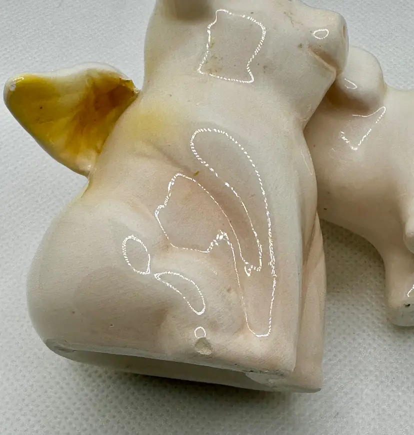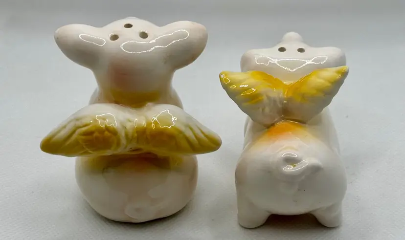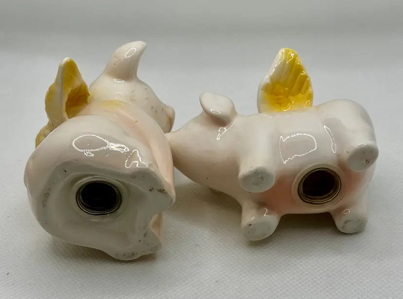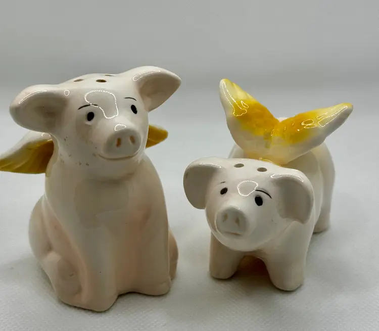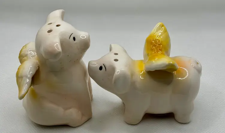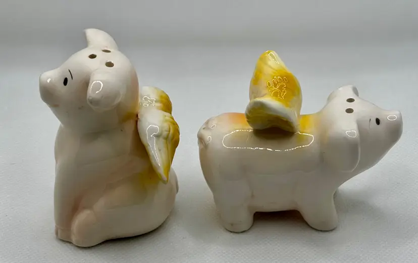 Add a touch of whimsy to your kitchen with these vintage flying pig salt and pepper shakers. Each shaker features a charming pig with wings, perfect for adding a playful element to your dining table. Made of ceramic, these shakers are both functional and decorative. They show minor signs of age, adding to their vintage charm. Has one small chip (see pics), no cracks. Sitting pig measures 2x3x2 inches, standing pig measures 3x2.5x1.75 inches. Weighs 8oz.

--

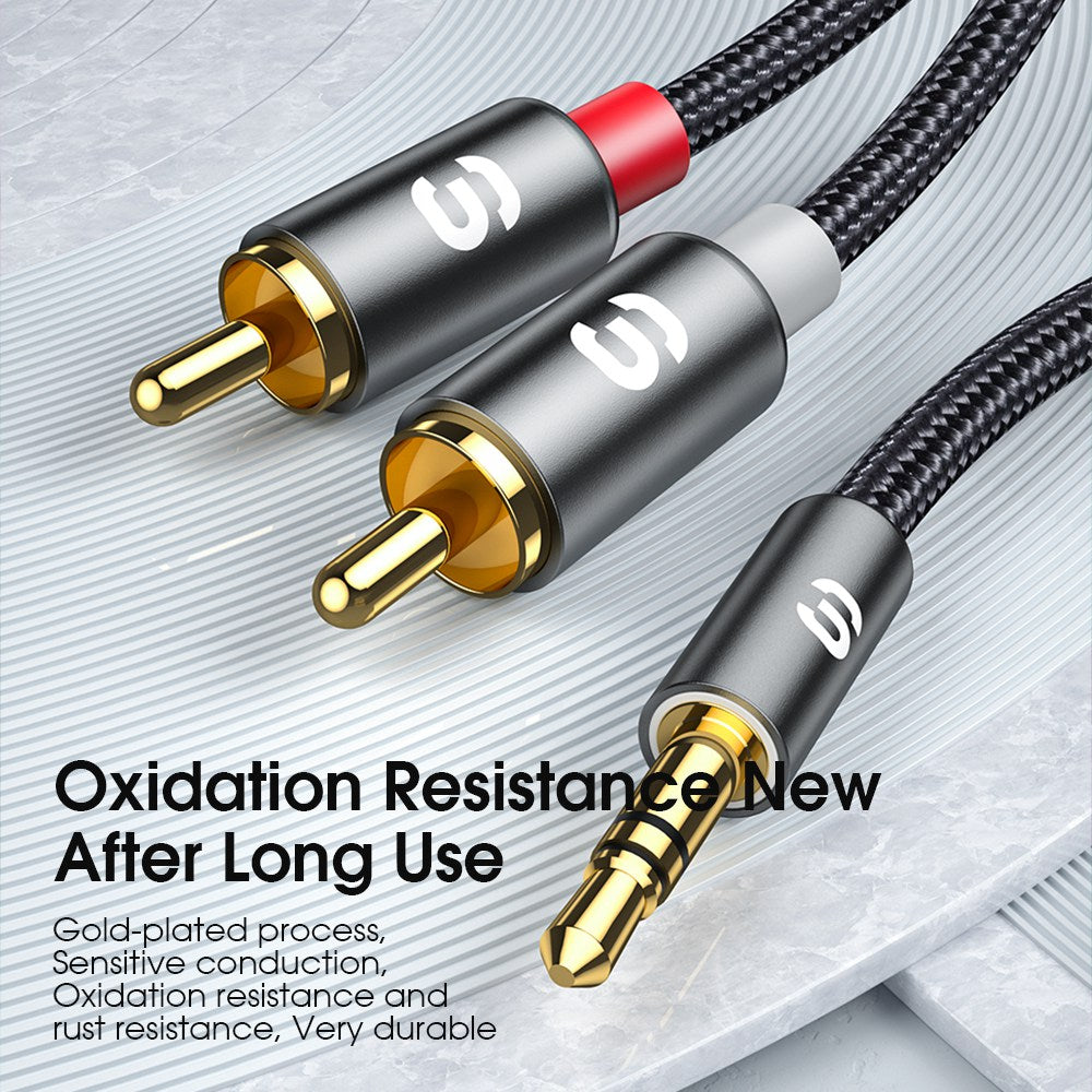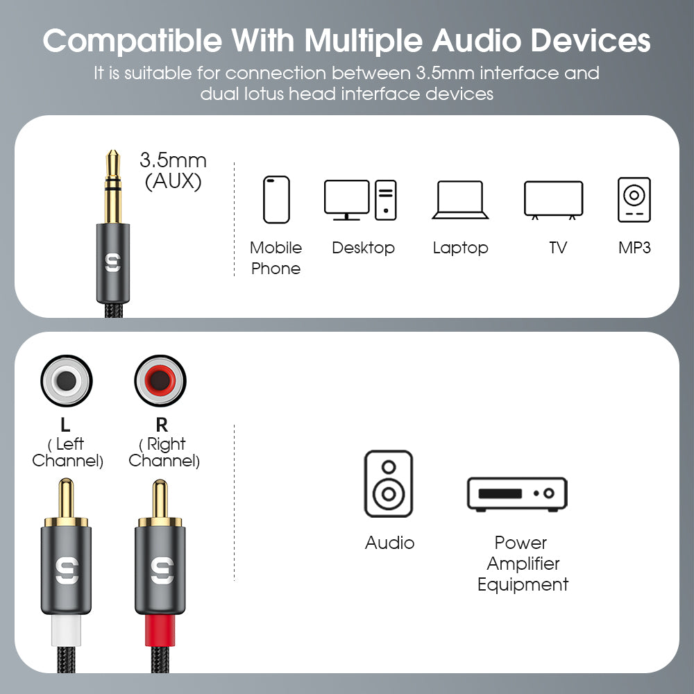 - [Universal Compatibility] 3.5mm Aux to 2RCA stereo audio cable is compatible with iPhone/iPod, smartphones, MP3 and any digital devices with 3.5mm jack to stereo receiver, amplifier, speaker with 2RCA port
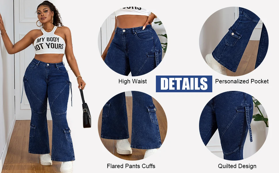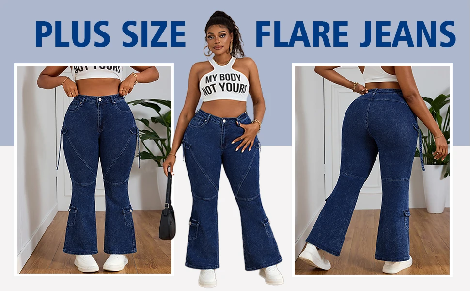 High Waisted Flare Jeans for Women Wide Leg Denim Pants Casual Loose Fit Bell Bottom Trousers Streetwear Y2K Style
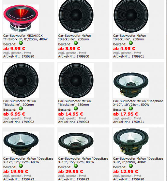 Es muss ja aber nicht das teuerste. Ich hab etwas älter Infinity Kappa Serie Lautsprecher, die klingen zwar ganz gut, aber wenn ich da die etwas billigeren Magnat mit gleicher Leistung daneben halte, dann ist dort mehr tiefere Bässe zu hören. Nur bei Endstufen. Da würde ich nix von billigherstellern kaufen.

● **Task details**: Everything above from the line containing "High Waisted Flare" through the line containing "Es muss ja aber" must be repeated exactly, and the pictures must be left out.

● **Solved problem**:
 High Waisted Flare Jeans for Women Wide Leg Denim Pants Casual Loose Fit Bell Bottom Trousers Streetwear Y2K Style
 Es muss ja aber nicht das teuerste. Ich hab etwas älter Infinity Kappa Serie Lautsprecher, die klingen zwar ganz gut, aber wenn ich da die etwas billigeren Magnat mit gleicher Leistung daneben halte, dann ist dort mehr tiefere Bässe zu hören. Nur bei Endstufen. Da würde ich nix von billigherstellern kaufen.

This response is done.